What ‘Material Adverse Change’ means for you will depend on how it is defined in your contract. Unless the MAC clause specifically references a ‘pandemic’ (or equivalent wording), the fact that we are in the midst of a pandemic is not likely to be considered a MAC in itself; however, it is possible that the impact of the pandemic on a party’s financial position, or the impact of the Government’s actions (for instance a party not being able to lawfully carry out its business due to the business closure requirements) could technically lead to a MAC.
Has the change in market conditions triggered a Material Adverse Change?
It is suggested that, in finance arrangements, where a lender knows that its borrower intends to generate the funds necessary to repay a loan through trading but the borrower's ability to trade has been significantly curtailed if not stopped altogether by Covid-19, this may of itself constitute a MAC to the borrower's financial condition. However, since each clause is interpreted in its own language, if the drafting does not include ‘prospects’ or ‘external/market conditions’, it is unlikely that a party will be able to rely on this type of unanticipated change in market conditions if it is seeking to enforce the MAC clause.
What counts as ‘material’?
As the name suggests, to rely on a MAC clause, the event must be ‘material’. This means that it must be substantial, significant and for a significant period of time. If it is only temporary or a blip, it will not be sufficient to constitute a MAC. Parties may face a challenge in demonstrating that with the coronavirus outbreak, the change is long-term as opposed to temporary and recoverable; whilst the period of impact is unknown, we do not expect it to last forever. Again, the wording of the clause itself is critical; for example, in finance documents, a change is likely to only be considered material if such change directly impacts the borrower’s ability to repay monies.
What is the effect of a Material Adverse Change clause?
Typically, MAC clauses operate to alter the situation between the parties in the event that something significant happens to affect the circumstances of one or the other party. For example, in a corporate transaction, a MAC event may give the buyer the ability to walk away from a deal, and in finance, context may give a lender the ability to prevent further drawdown of funds.

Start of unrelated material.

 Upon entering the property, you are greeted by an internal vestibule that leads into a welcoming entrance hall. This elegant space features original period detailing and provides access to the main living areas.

What if the other party disagrees that there is a Material Adverse Change?
It is worth noting that if Party A relies on a MAC clause and takes action (for example if Party A as a lender refuses to advance further sums that they are obliged to advance, assuming Party B, as the borrowing party, is compliant in all other areas), and it is later proven that there had not been a MAC event, Party A relying on the clause would be in breach of contract, and Party B would have a claim for damages, which could involve significant compensation.

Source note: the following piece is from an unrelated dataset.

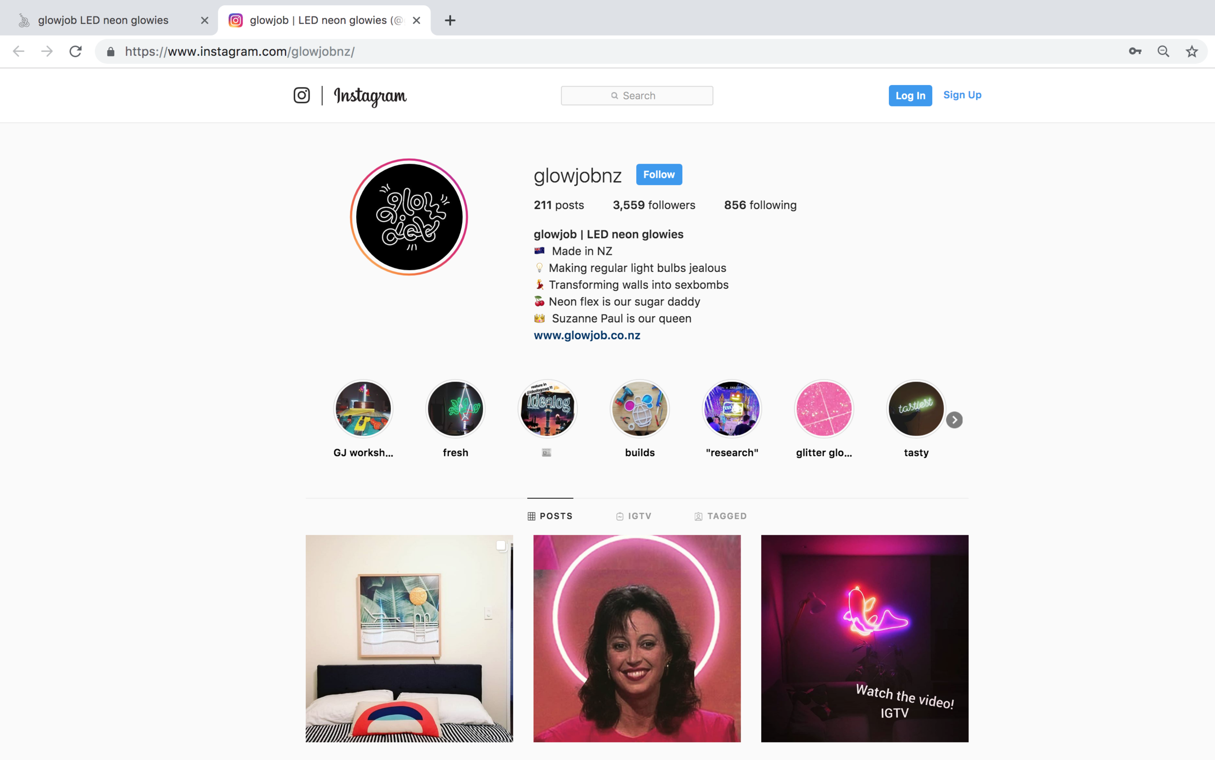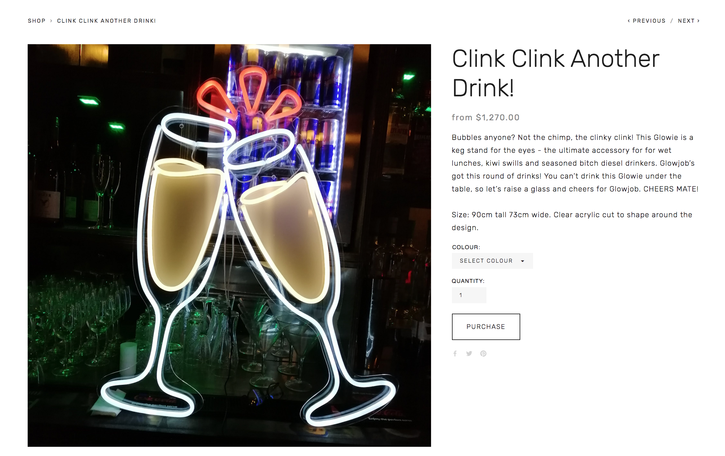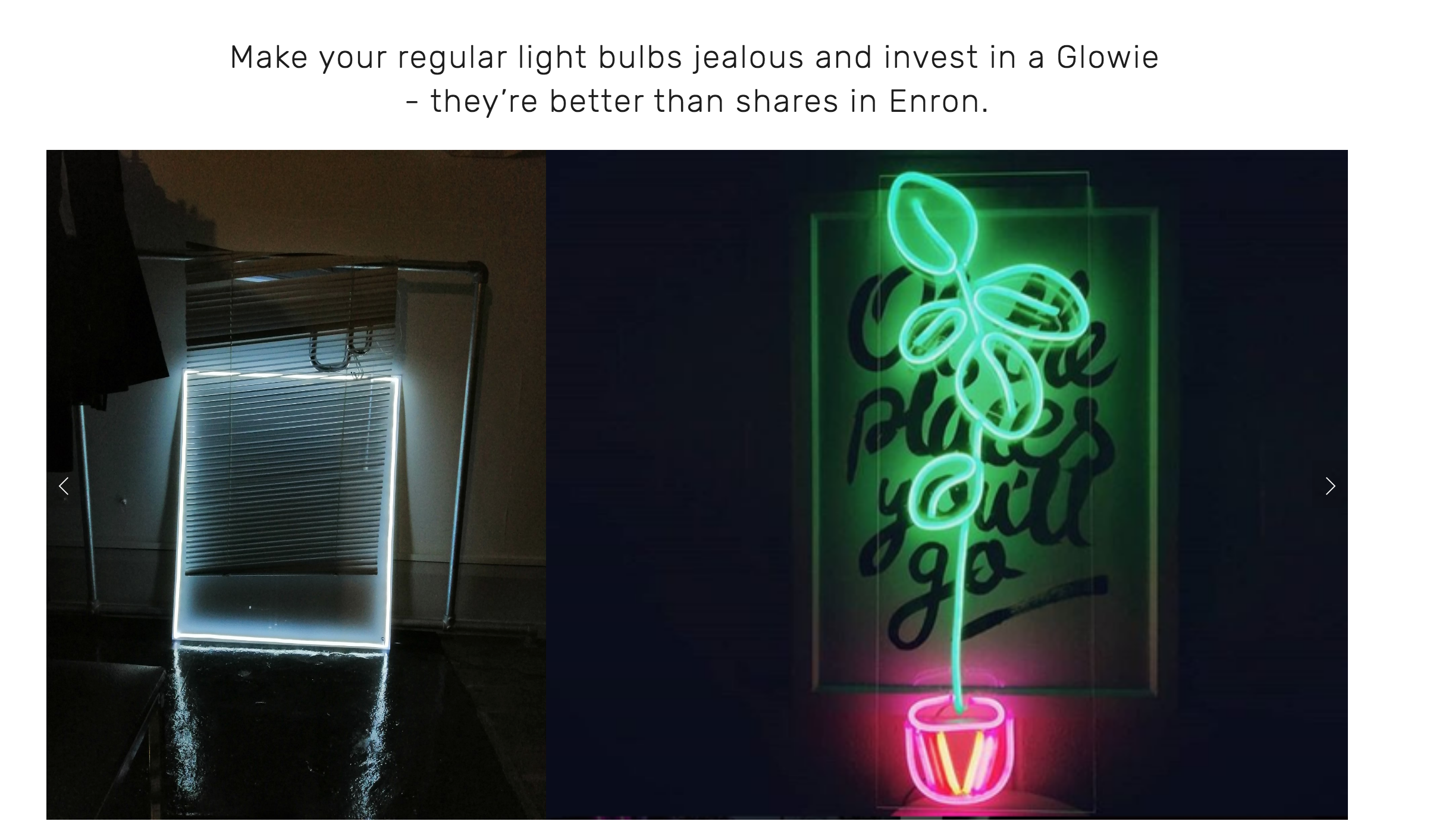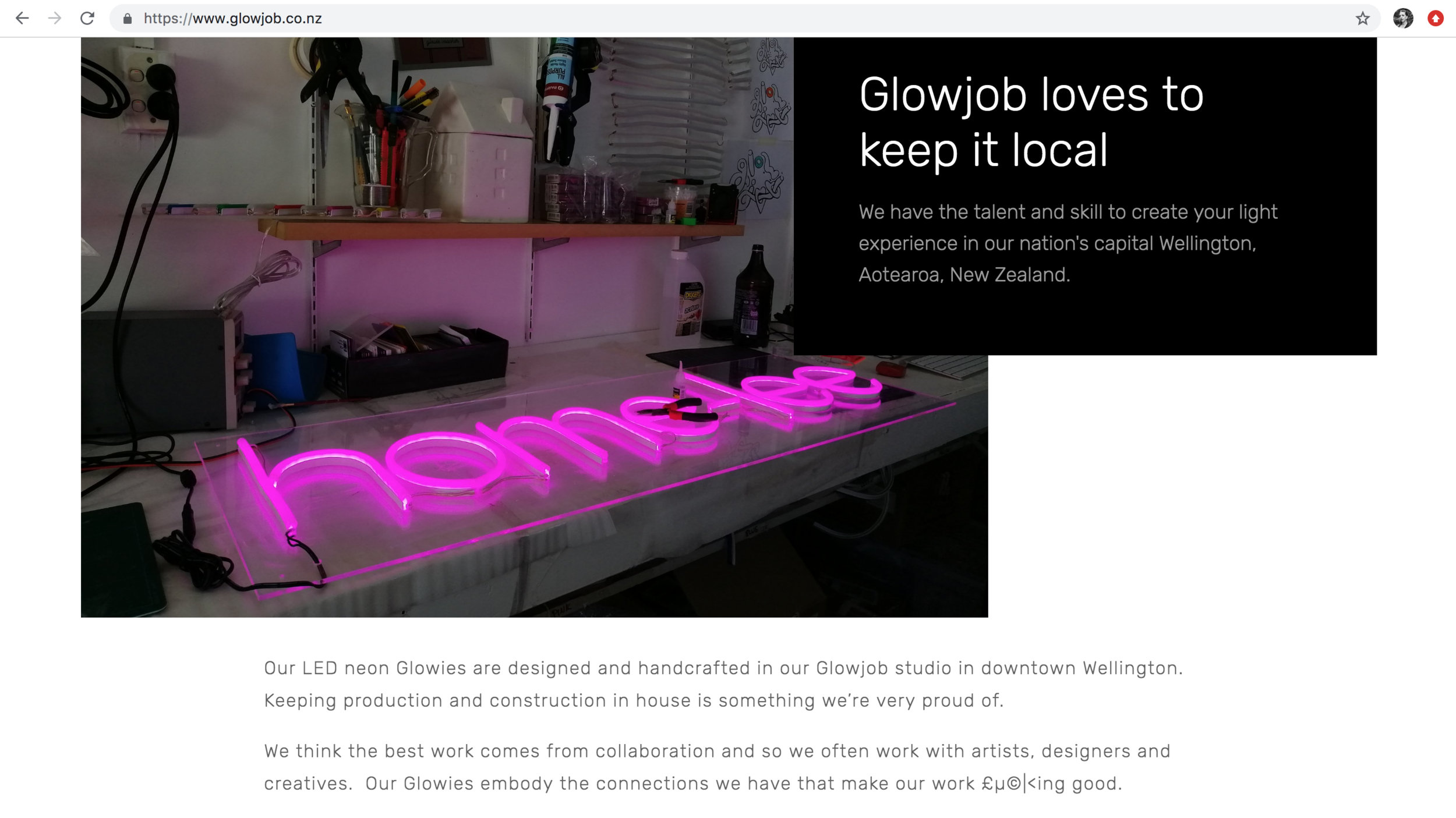 Copywriting for Glowjob required specific linguistic attention, especially experimenting with the playful use of the term Glowie a label used to describe Glowjob’s Aotearoa New Zealand made custom neon creations. Glowjob had clear ideas about what kind of direction and methods they wanted to employ.

It is important to bear in mind the risk of adverse publicity and the impact on the parties’ relationship during this time, as the general consensus amongst businesses seems to be a desire to be supportive through the coronavirus outbreak. Overall, the risk of enforcing a MAC clause in these circumstances is high for the party seeking to rely on it and it is usually recommended to have early conversations with the other party in order to understand their thoughts and position with regard to the operation of the contract and continued dealings.
As a general rule, MAC clauses are seen as a catch-all concept - a ‘contractual fallback’ which helps a party to bring the other party back to the table during a downturn, rather than being used as a cause of action on their own. As mentioned above, there is very limited case law around MAC clauses, showing that whilst they are often included in financing and corporate agreements, they are rarely litigated. In particular, there is no case law around the effectiveness of MAC clauses during a pandemic and given the fast-paced nature of the current crisis and how quickly things progress, the position may change rapidly leaving you exposed in terms of any steps taken in haste.